Now, let's turn to the medic.
And our stepdaughter, Juliana, was like, this guy's a medic.
You know, she's like, Mom, you know, he shot a medic.
Well, first of all, let's talk a little bit about this guy, Grosskreutz.
Yes, he is a medic.
He's also a felon.
He's also a mental patient.
And he's also a medic with a gun.
Why is a medic, A, carrying a gun, B, loading his gun, C, pointing the loaded gun at Kyle Rittenhouse?
That's when Kyle Rittenhouse shot him.
So those were the circumstances that led to this.
Now, this medic goes up to testify, and his testimony has an element of comedy, because he says that at one point, he says, you know, I wasn't trying to hurt Rittenhouse.
In fact, he says he was trying to help Rittenhouse.
He goes, the reason that he was running toward Rittenhouse and the reason that he drew his gun is he was trying to prevent Rittenhouse from harming either other people or himself.
So this guy presents himself as he was not up to any trouble on the scene at all.

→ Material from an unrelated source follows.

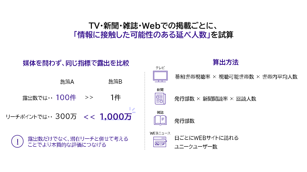・・・メディア種別ごとに算出根拠がまちまちな広告換算と異なり、全メディア横断での活動評価を可能とする指標。定義は「情報に接触した可能性のある延べ人数」。

Yes, right. Now, here's a little clip, and this is just a short to give you a feel of what it's like inside the courtroom of this guy, Grosskreutz, being cross-examined by the defense.
Listen. Okay, so when you were standing three to five feet from him with your arms up in the air, he never fired, right?
Okay. Correct. It wasn't until you pointed your gun at him, advanced on him with your gun, now your hands down, pointed at him, that he fired, right?
Correct. I mean, there you go.
Boom. There you have it.
In a nutshell, and the context of this couldn't be more clear, this guy, Grosskreutz, at one point did put his hands up.
And no, Rittenhouse didn't shoot him then.
It's only when he reached for his loaded gun and pointed it directly at Rittenhouse, that's when Rittenhouse shot him.
And that, ladies and gentlemen, is the, you could almost call it, textbook definition of self-defense.
So if there's any justice in the world, and if there's any justice in that courtroom, Kyle Rittenhouse will walk.
And will walk because he did really nothing wrong, as far as I can see, that day.
He was, in some respects, the Good Samaritan.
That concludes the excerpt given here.